Мужчины продолжили беседу, а Оля, словно оглушенная, смотрела на визитку, где простыми черными буквами было написано: «ЕГОР ЗАРЕЦКИЙ». Прощание с Егором Оля запомнила плохо, она была как в тумане, одновременно обрадованная знакомством, взволнованная тем, что будет дальше, смущенная своим неприглядным видом, в котором она предстала перед мужем одноклассницы.

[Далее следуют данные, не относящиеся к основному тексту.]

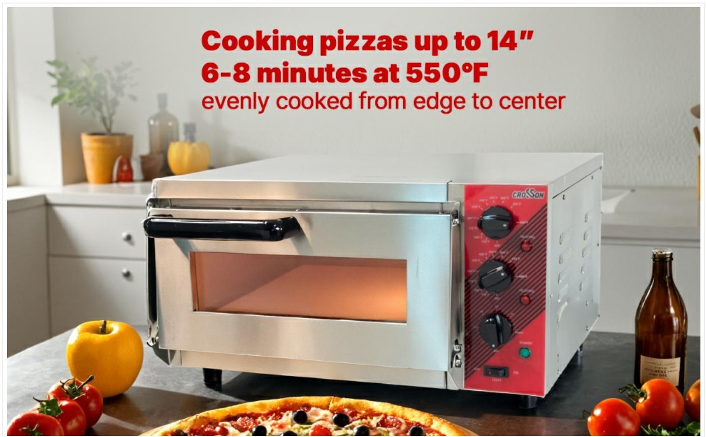
Figure 5: The oven efficiently cooks pizzas up to 14 inches, achieving even cooking from edge to center in approximately 6-8 minutes at 550°F.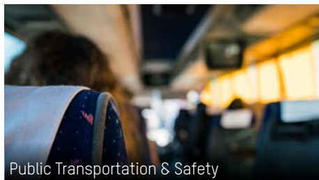
Public Transportation & Safety

Тетя Маша слушала Олю молча. Она не могла понять, что у той на уме, но прекрасно видела, как Оля взбудоражена, и только тихонько покачивала головой. Почему-то ей это не нравилось. Оле тоже что-то не нравилось, что-то грызло ее, точило, словно червячок яблоко, но что именно, она разобралась только, лежа в неподвижной ночной тишине своей комнаты. Грызло ее мерзкое чувство все той же несправедливости. Ощущение, что Егор смотрел на нее, как на товар, на интересную затею, не более того. Понимание, что не будет она при встрече с Лелей стоять с ней на одной ступеньке. Зависть, разочарование, гнев. И единственный способ, который родился в ее голове – единственный способ насолить Леле, который она сочла вполне подходящим для своей мучительницы – переспать с ее мужем.
***
Следующим же утром Леля позвонила по телефону, указанному на визитке Егора Зарецкого. Но ее тщеславие было серьезно покорежено – трубку не только взял не Егор, а его секретарша, но она, в свою очередь, всего лишь сообщила ей телефон дизайнера, с которым Оле и предстояло обсудить все детали. Оказалось, что отец Егора отбраковал все предложения дизайнера по оформлению стены в собственном кабинете, требуя чего-то необычного, но, как и полагается людям, несведущим в дизайнерском мастерстве, не мог внятно объяснить, чего именно. Оля, несмотря на свое разочарование таким поворотом общения, подошла к делу весьма профессионально. Встретившись с дизайнером (ею оказалась весьма известная в узких кругах дама средних лет), она внимательно ознакомилась с проектом кабинета, с предыдущими вариантами оформления стены и даже расспросила Эвелину (так звали даму-дизайнера) о характере и привычках Зарецкого-старшего. Эвелина, смотревшая поначалу на Олю недоверчиво-снисходительно, под конец разговора даже слегка зауважала безвестную художницу. Тем более, что портфолио ее оказалось вполне себе интересным, а некоторые фамилии заказчиков были знакомы и самой Эвелине. В результате неделю спустя, когда Олин эскиз для Зарецкого был готов, Эвелина предложила поехать на встречу с заказчиком вместе, чтобы Оля сама объяснила ему концепцию своей задумки и, в случае чего, сама же ее отстояла. Все, чего желала Эвелина, – это чтобы поскорее начать работу в кабинете, которая пока что упиралась в стену в прямом и переносном смысле этого слова.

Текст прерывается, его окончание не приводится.